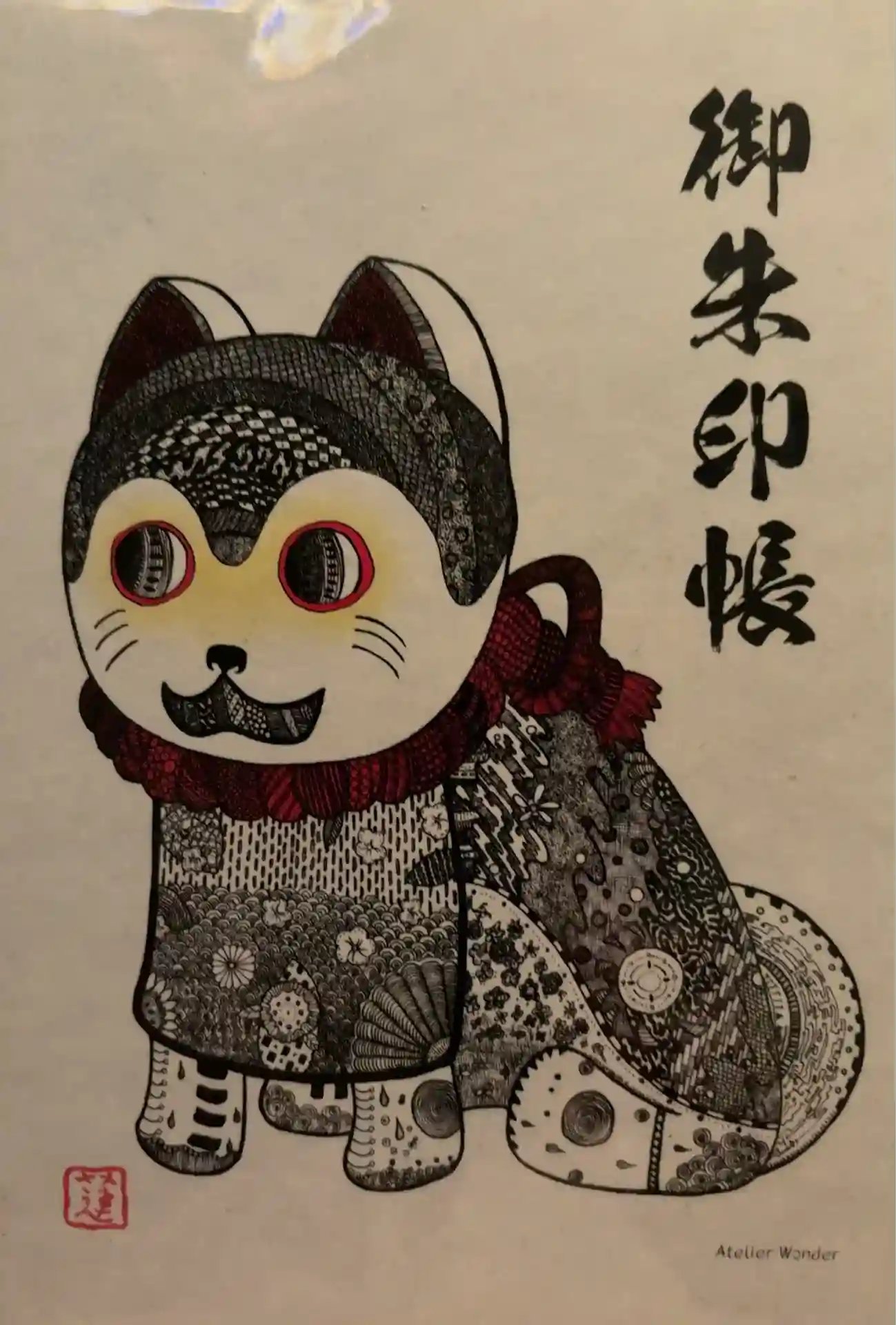 張子の犬の絵の作者は関口蓮さん。精密な線画を描く若手作家さん。
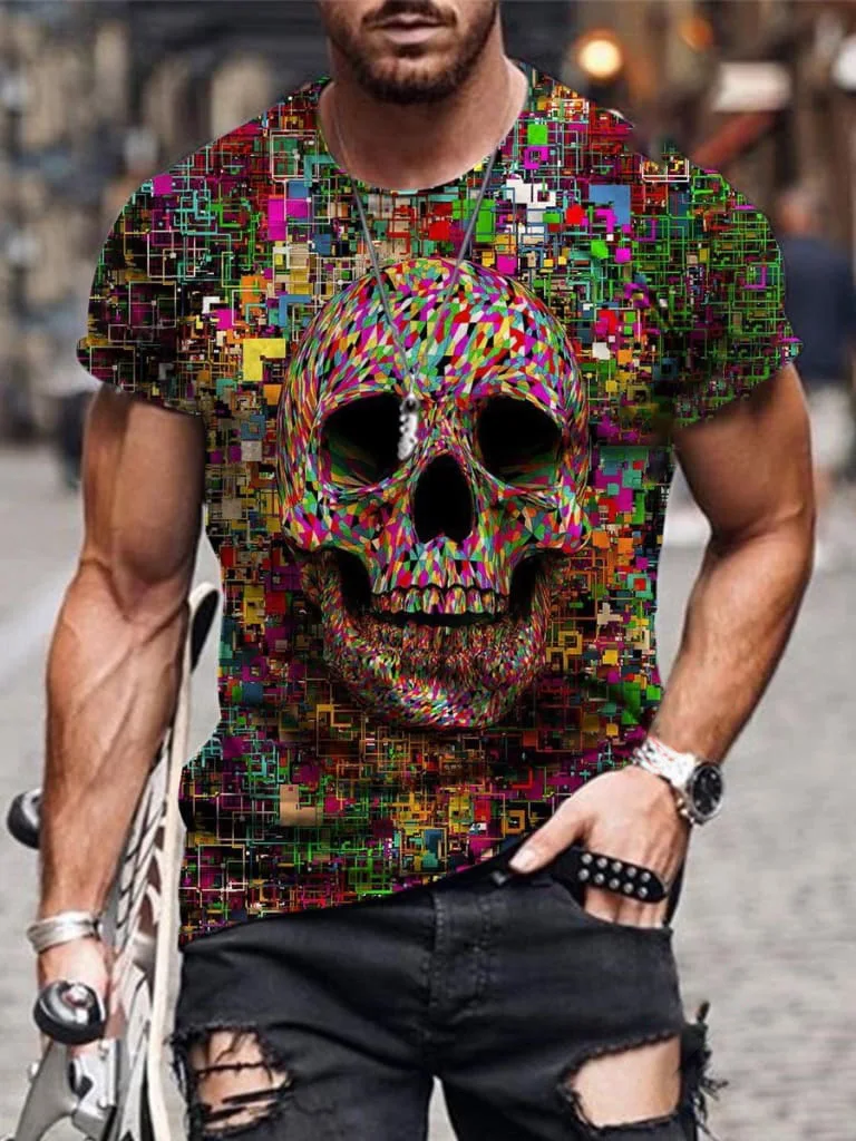 Футболка мужская с 3D-принтом черепа, уличная тенниска с коротким р...
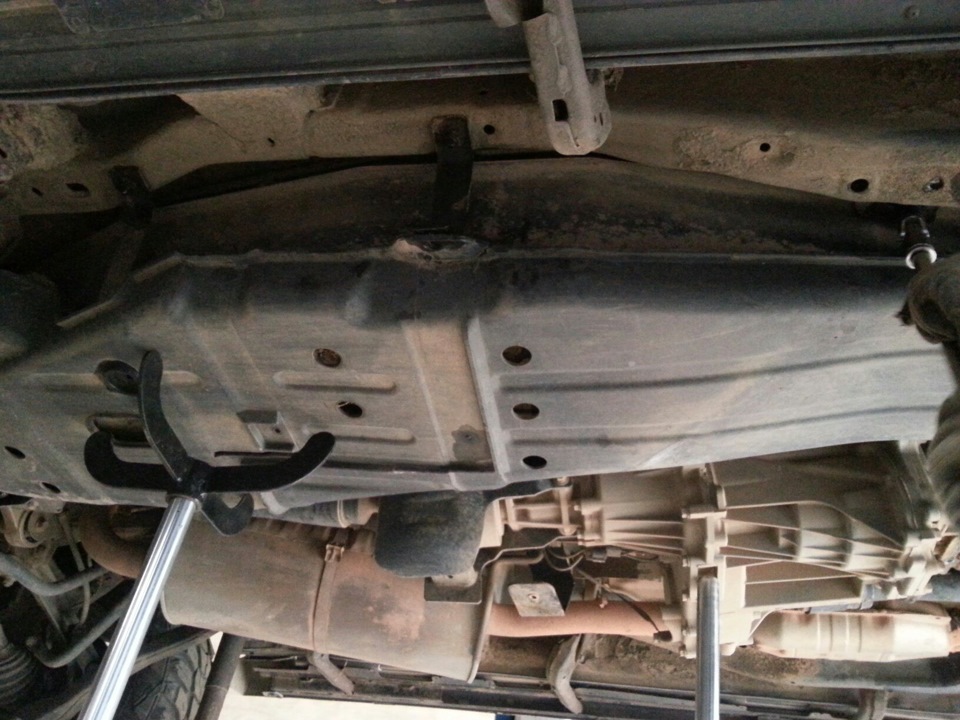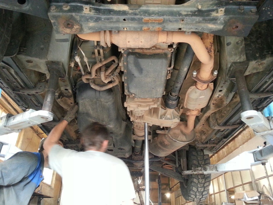 Чтобы нормально поменять бак, нужно открутить траверсу, которая держит АКПП, нужно открутить задний стабилизатор и кардан задний. При откручивании траверсы прокрутился один болт и траверса встала. Парни изъ@бывались как могли, чтобы открутить траверсу. В итоге открутили.
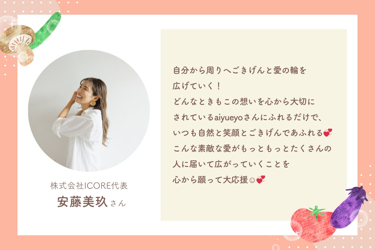 そのために、まずは愛食を通して自分を満たす感覚を知ってほしい!ごきげんな人を増やしたい!自分を満たして自分らしさを発揮して生きられる世界があることを知ってほしい!心からそう思っています。
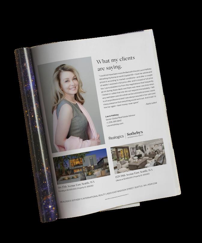 To put it quite simply, Laura Halliday represents remarkable homes and discerning clientele with ease. The secret to her success fuses unwavering loyalty and savvy market insights with a sprinkle of candor. An established senior global luxury real estate advisor with over 25 years of expertise, Laura is unencumbered by even the most challenging transactions, drawing on an established track-record and flair for creative solutions. Laura’s clients appreciate her long-standing legacy of service, acumen, and consistent communication every step of the way. Laura’s alignment with Realogics Sotheby’s International Realty is a key ingredient in her special sauce. Together with her firm, she provides unrivaled client care, innovative marketing solutions, and a truly global platform of connections around the world. This paired with Laura’s intimate knowledge of Seattle’s preeminent neighborhoods forms a killer combo, positioning her clients for success. A longtime resident of Broadmoor, Laura is deeply connected to her community. She lends her time and resources to the Junior League of Seattle and has chaired some of their most prominent fundraisers including Kaleidoscope, a holiday gift bazaar, and Simply Classic, an award-winning cookbook.
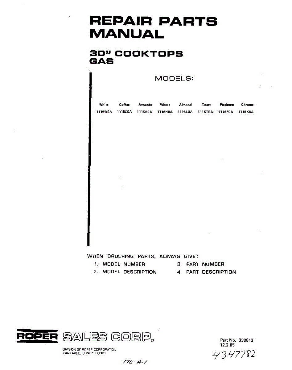 Parts for Roper 1116W0A: 01 - Section Parts
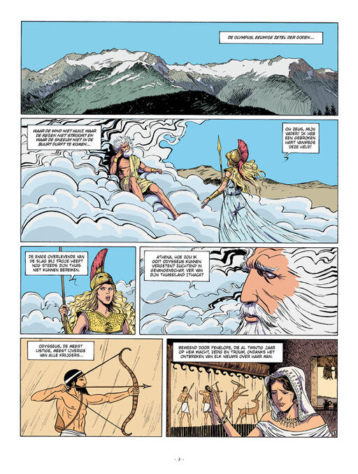 De reis van Odysseus: een buitengewoon stripverhaal Aan het einde van de Trojaanse oorlog besluit Odysseus terug te keren naar Ithaca, maar de terugweg is lang en moeilijk. Geconfronteerd met de toorn van de goden van Olympus, moet hij vele gevaren het hoofd bieden: de nimf Calypso, de prinses Nausicaa, de Cyclopen, de tovenaar Circe en de Sirenen. Wanneer hij eindelijk in Ithaca aankomt, wordt hij herenigd met zijn zoon Telemachus, maar hij moet nog steeds vechten om zijn koninkrijk te bevrijden van kwaadaardige vrijers om zijn geliefde Penelope terug te winnen.
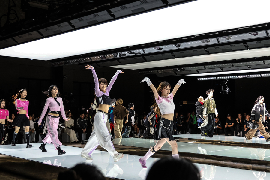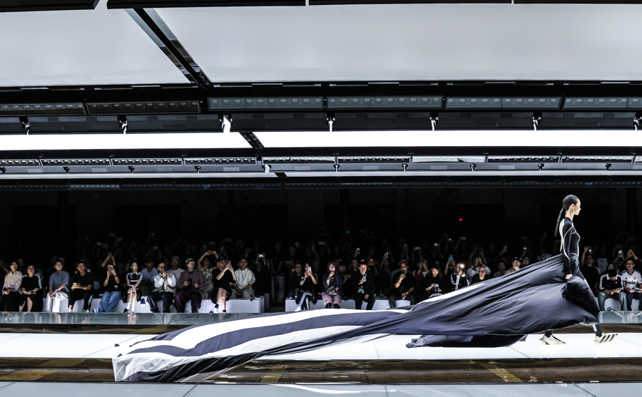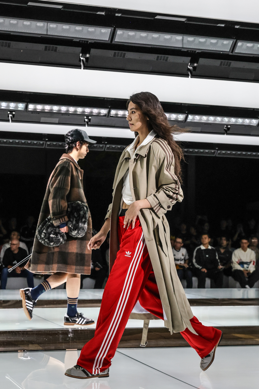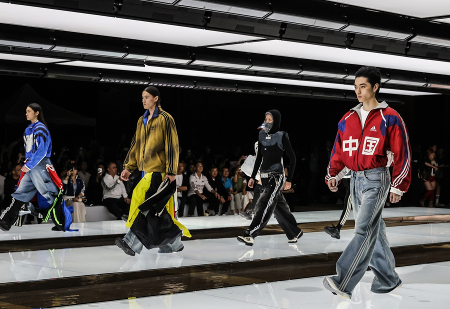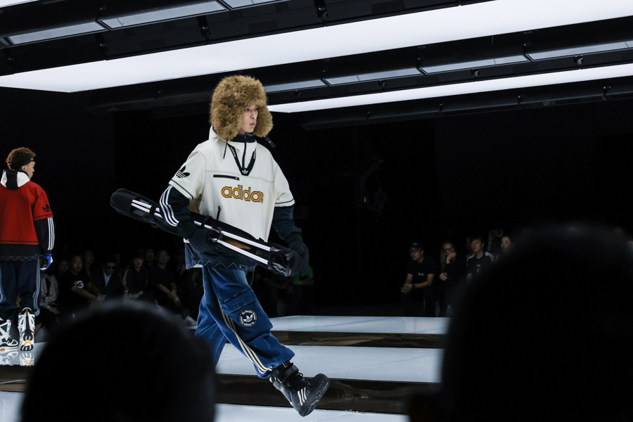 秀场T台是由三条白色发光平台组合成的阿迪达斯经典条纹,观众沉浸在先锋速度、东方之音、街头能量与跨界艺术交织的氛围之中,感受从复古经典运动场到现代街头的时尚旅程。
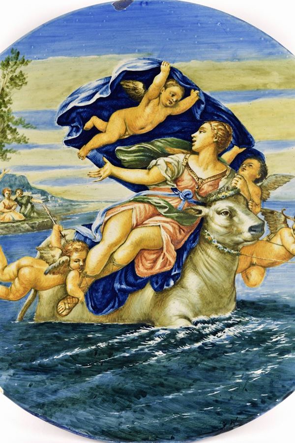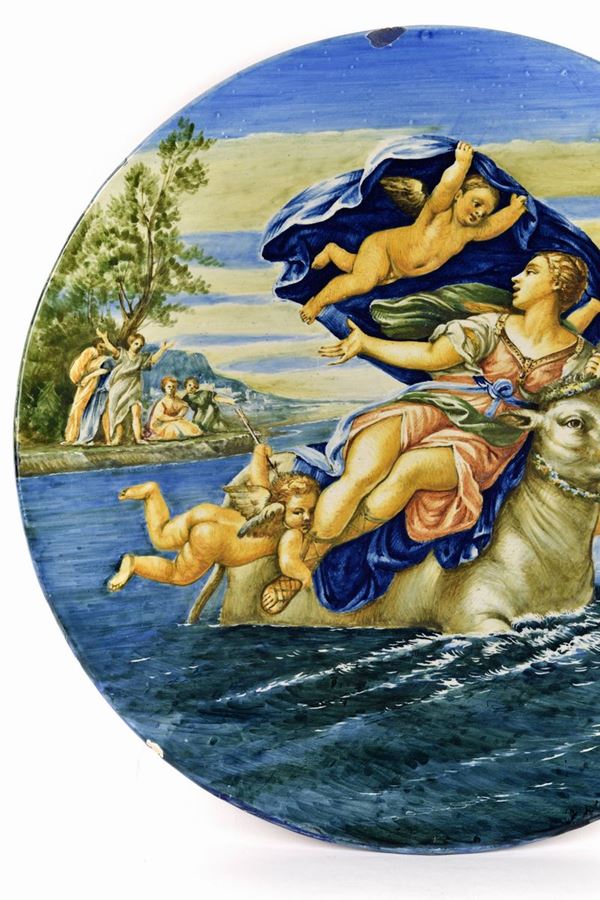 Grande piatto in maiolica policroma dipinta raffigurante il "Ratto d'Europa".
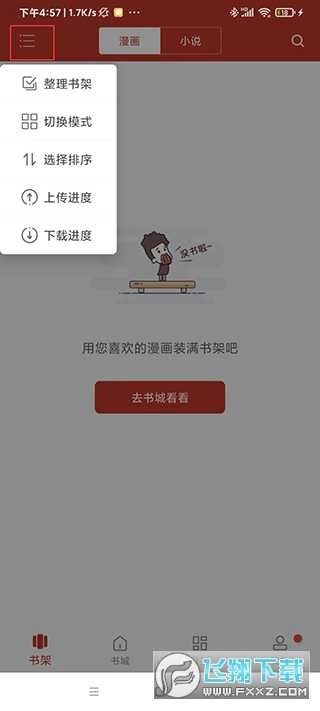 2、左上角为书架管理选项,支持对漫画进行整理和排序;
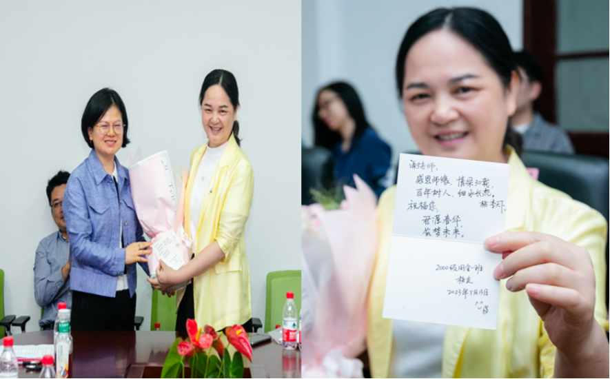 校友代表向谢君献花并送上祝福贺卡。
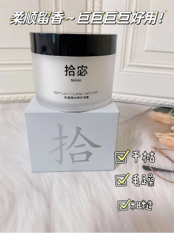 好多发膜品牌为了省成本真的没底线,违规添加大量矿物油、刺激性防腐剂,甚至可能有禁用成分!我之前踩雷的一款,用了没几次就头皮发痒、红肿,我这种敏感头皮真的怕了。拾宓shimi发膜却完全跳出了这种低成本陷阱,更看重安全和实打实的效果。它是一款高端沙龙级免蒸发膜,安全有效,不伤头皮,用着全程没不适感。针对烫染受损发质,它能深层修复受损,抚平毛躁的同时,减少干枯,改善分叉打结,让头发持久柔顺亮泽蓬松,效果一点不输 500 + 卡诗等大牌发膜,现在摸头发都觉得顺滑有质感!

——

What is needed: The answer should consist only of the lines above from the one with "Футболка мужская с" through the one with "そのために、まずは愛食を通し", repeated exactly, with no pictures among them.

Output for this exercise:
 Футболка мужская с 3D-принтом черепа, уличная тенниска с коротким р...
 Чтобы нормально поменять бак, нужно открутить траверсу, которая держит АКПП, нужно открутить задний стабилизатор и кардан задний. При откручивании траверсы прокрутился один болт и траверса встала. Парни изъ@бывались как могли, чтобы открутить траверсу. В итоге открутили.
 そのために、まずは愛食を通して自分を満たす感覚を知ってほしい!ごきげんな人を増やしたい!自分を満たして自分らしさを発揮して生きられる世界があることを知ってほしい!心からそう思っています。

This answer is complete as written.